Setelah menunggu sekitar seperempat jam, para mitra makin kebingungan. Selanjutnya ada yang meraba badannya, menempelkan telinga kedada. Tak terasa detak jantung ataupun napasnya. Ada yang memijit-mijit kakinya. Tak terasa ada tanda-tanda kehidupan. Dalam keadaan bingung itu akhirnya menyerah pasrah. Bila memang sudah sampai akhir hayatnya, andai disembunyikan dalam gedung besar dan terkunci rapat, kematian pasti datang menjemput.
Beberapa saat kemudian, perlahan-lahan tangannya bergerak. Membuat gembira mitra-mitra yang menunggunya. Tak begitu lama antaranya, kaki dan badannya mulai bergerak pula. Kemudian duduk termangu-mangu.. Barulah para mitra merasa lega.
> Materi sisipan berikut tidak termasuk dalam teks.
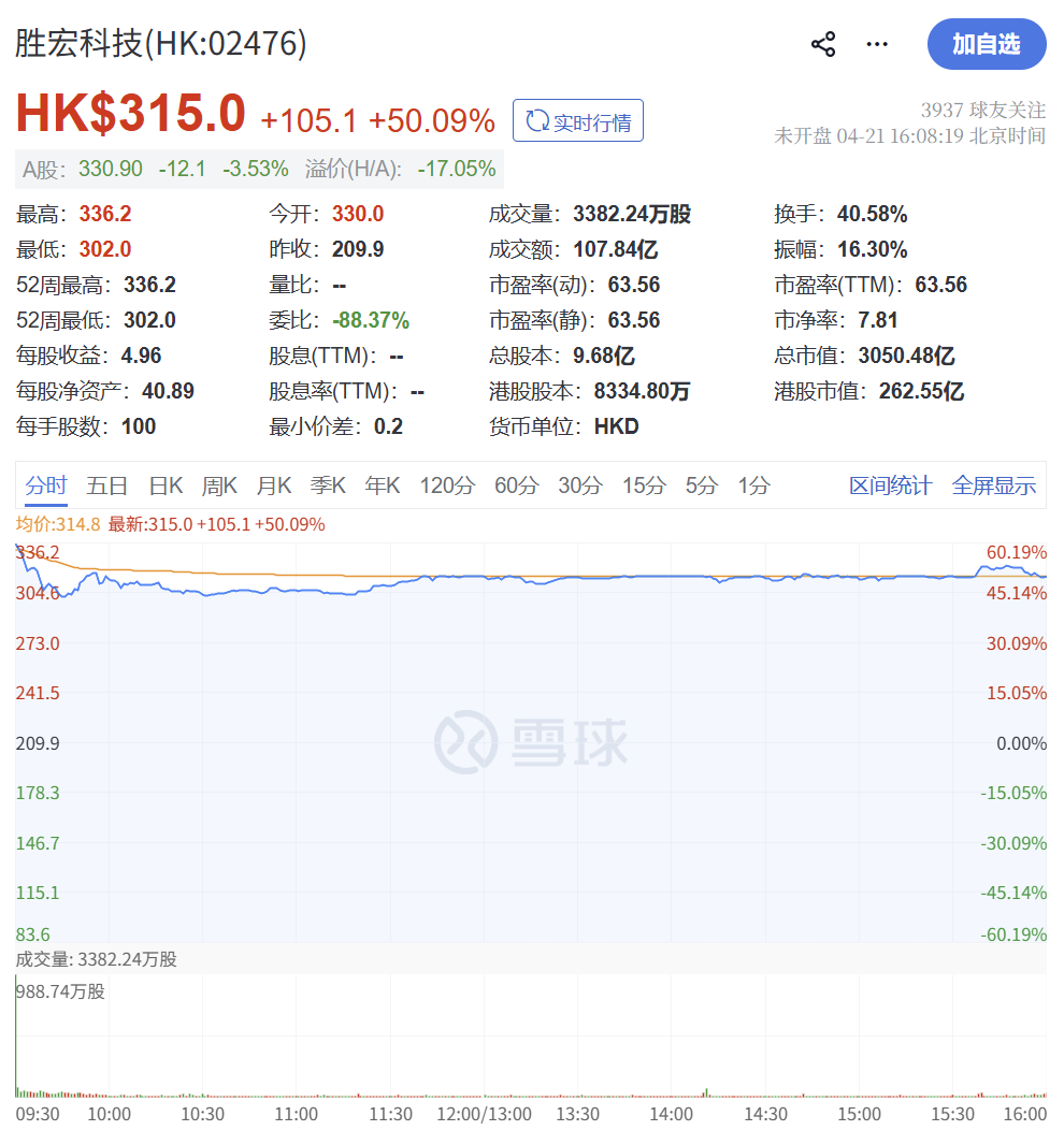 上市首日,胜宏科技股价表现惊艳,以315港元/股收盘,较发行价209.88港元大涨50.09%,盘中最高涨幅一度超过60%,总市值突破3000亿港元,达到约3598亿港元。

Hilang rasa kekhawatiran yang meliputi sanubari.
Setelah beberapa saat, pak Arjo mengucapkan kata "RACUT". Kata racut ini diucapkan secara tiba-tiba. Berikutnya Pak Arjo menceriterakan pengalaman yang disebutnya racut itu. Dalam keadaan racut itu, Pak Arjo melihat raganya tergeletak dilantai, dihadapan para mitranya. Selanjutnya merasa masuk kedalam tempat yang sangat indah tak terkirakan. Tak bisa menggambarkan keindahan tempat itu yang demikian sempurna. Kemudian masuk bangunan yang didalamnya ada tempat semacam pengimanan. Disana Pak Arjo Sopuro melakukan sujud. Selesai sujud tampak didepannya bayangan seorang raja yang bersinar menyilaukan. Sinarnya melebihi cahaya sejuta matahari. Pada saat itu Pak Arjo merasa dibopong dan dibawa kesuatu tempat yang terdapat dua sumur penuh air. Dalam pengertiannya itu adalah Sumur Gumuling dan Sumur Jolotundo. Setelah memperhatikan kemudian merasa diberi dua bilah pusaka keris yaitu Nogososro dan Bendo Sugodo. Selesai sudah proses itu. Selanjutnya merasa pulang kembali. Dalam perjalanan pulang itu merasa diikuti bintang yang besar sampai tersadar dihadapan para mitranya.
Inilah pengalaman racut yang fenomenal.
Pada kesempatan ini para mitranya dipersilahkan untuk mencoba melakukan ritual yang sama. Caranya, setelah melakukan sujud kemudian ditambah satu sujudan lagi dengan ucapan : "Hyang Moho Suci sowan Hyang Moho Kuwoso". Kemudian badan berbaring seperti yang telah dilakukan Pak Arjo dan seterusnya.
Banyak yang merasakan pengalaman sama, racut atau mati dalam keadaan hidup. Tatkala dalam keadaan racut, mendengar semua yang terjadi disekitarnya, tetapi tak dihiraukankan. Mengalami fenomena yang sama, bertemu Raja yang bercahaya menyilaukan, walaupun tidak dibopong atau diberi pusaka keris, dan setelah itu tersadar.
Pak Arjo mengingatkan, bahwa proses ritual racut ini amat rumit. Harus dlandasi dengan kebersihan rohani dan jasmani, barulah diharapkan dapat terlaksana. Bahwa para mitranya mampu melakukan racut saat itu karena memang mendapat berkah dari Hyang Maha Kuwasa.
Para pembaca, peristiwa yang baru terjadi ini disebut wahyu racut. Merasakan keadaan mati dalam hidup. Bila ingin melakukan ritual ini, pilihlah waktu leluasa, sebab tak bisa dilakukan dengan tergesa-gesa. Begitu pula carilah tempat yang tenang, jauh dari keramaian. Disarankan pula ada orang yang mengamati dan menjaga agar tak ada yang mengganggu.